Associations among orthostatic hypotension (OH), changes in systolic and diastolic blood pressure, and incident chronic obstructive pulmonary disease hospitalization for all participants (black) and stratified by those with and without baseline airflow obstruction (gray). Adjusted hazard ratios represent the change in risk for the presence versus absence of OH and a 10–mm Hg decrease in systolic and diastolic blood pressure. Hazard ratios are from proportional hazards models and include age, sex, education, race-center, forced expiratory volume in 1 second (FEV₁) percentage predicted, current smoking status, smoking pack-years, coronary artery disease, heart failure, diabetes, body mass index, and physical activity as covariates. Participants with airflow obstruction were defined as those with an FEV₁/forced vital capacity ratio <0.7 at baseline; participants without airflow obstruction had an FEV₁/forced vital capacity ratio ⩾0.7 at baseline. There were 10,574 participants with OH measurements; 2,403 had airflow obstruction and 8,171 did not. Orthostatic hypotension is defined as a 20–mm Hg decrease in systolic blood pressure and/or a 10–mm Hg decrease in diastolic blood pressure. DBP = diastolic blood pressure; SBP = systolic blood pressure.

Figure 3.

Interactions of heart rate variability and (A) sex, (B) smoking status, and (C) lung function on chronic obstructive pulmonary disease hospitalization risk. Adjusted hazard ratios represent the change in risk for a 1–standard deviation increase in the exposure of interest. Models are adjusted for age, sex, height, education, race-center, forced expiratory volume in 1 second (FEV₁) percentage predicted, current smoking status, pack-years of smoking, coronary artery disease, heart failure, diabetes, body mass index, and physical activity. Adjusted hazard ratios represent the change in risk for the presence of orthostatic hypotension or a 10–mm Hg decrease in systolic or diastolic blood pressure. Interaction P values were obtained by including cross-product terms in the models. For these analyses, the 10,574 participants were stratified by sex (n = 5,953 female, 4,621 male), smoking status (n = 2,782 current, 3,344 former, and 4,442 never-smokers), and lung function (n = 900 with FEV₁ <70% predicted, 1,108 with FEV₁ 71–80% predicted, 2,150 with FEV₁ 81–90% predicted, 2,959 FEV₁ with 91–100% predicted, and 4,421 with FEV₁ >100% predicted). HF = high-frequency power; LF = low-frequency power; RMSSD = root mean square of successive differences in normal R-R intervals; SDNN = standard deviation of normal R-R intervals.

Figure 4.

Interactions of orthostatic hypotension and (A) sex, (B) smoking status, and (C) lung function on chronic obstructive pulmonary disease hospitalization risk. Adjusted hazard ratios represent the change in risk for the presence versus absence of orthostatic hypotension and a 10–mm Hg decrease in systolic or diastolic blood pressure.

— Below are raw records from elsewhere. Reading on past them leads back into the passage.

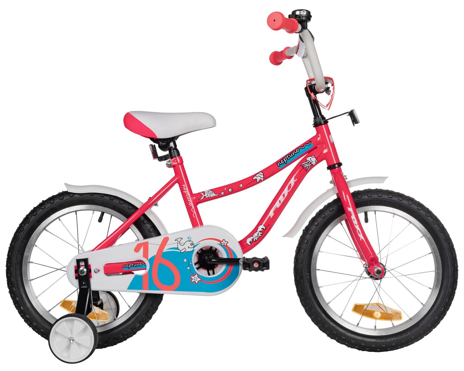 В комплекте с Foxx Neptune 16 идут стальные грязезащитные крылья, защита цепи и дополнительные боковые колеса, что делает этот велосипед идеальным спутником для первых приключений на двух колёсах.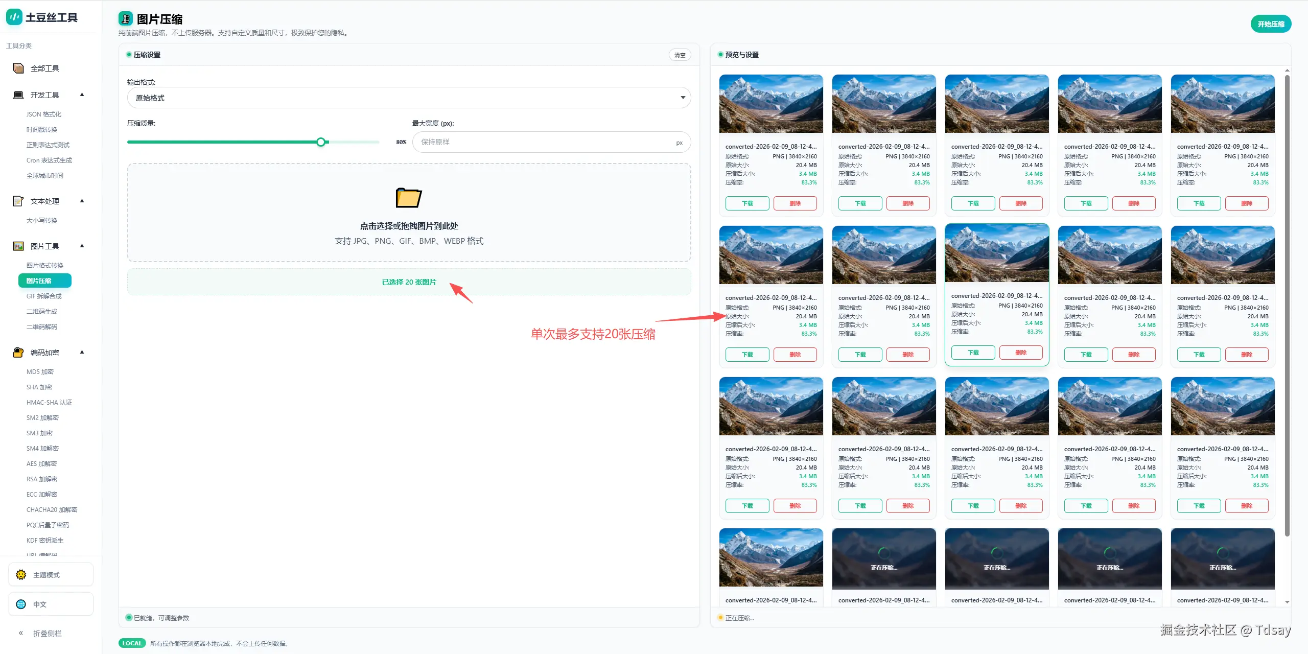 这时候,“批量压缩”就会方便很多,可以一次上传多张图片进行处理,单次最多支持 20 张批量压缩,适合日常集中优化图片体积。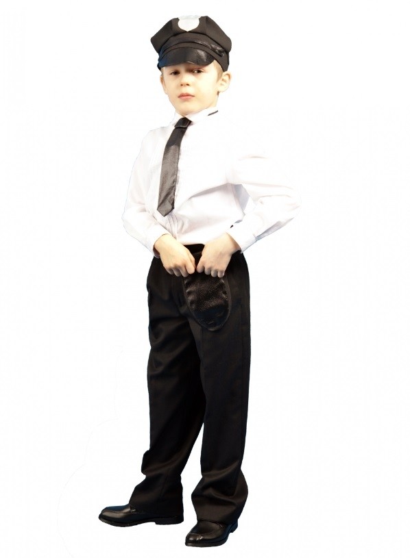 Детский комплект полицейского включает в себя фуражку, черный атласный галстук на резинке и кобуру. Образ можно дополнить белой рубашкой и черными классическими брюками.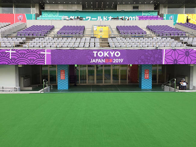 • Grandstand & Tier Branding: Massive tension fabric banners and seat covers that transform empty sections into massive billboards.

DPB = diastolic blood pressure; SBP = systolic blood pressure. Models are adjusted for age, sex, height, education, race-center, FEV₁ percent predicted, current smoking status, pack years of smoking, coronary artery disease, heart failure, diabetes, BMI, and physical activity. Adjusted hazard ratios represent the change in risk for the presence of OH or a 10 mm Hg decrease in SBP or DBP. Interaction p-values were obtained by including cross-product terms in the models. For these analyses, the 10,574 participants were stratified by sex (n = 5,953 females and 4,621 males), smoking status (n = 2,782 current, 3,344 former, and 4,442 never smokers) and lung function (n = 900 FEV₁ <70% predicted, 1,108 FEV₁ 71–80% predicted, 2,150 FEV₁ 81–90% predicted, 2,959 FEV₁ 91–100% predicted, and 4,421 FEV₁ >100% predicted). COPD = chronic obstructive pulmonary disease; DPB = diastolic blood pressure; OH = orthostatic hypotension; SBP = systolic blood pressure.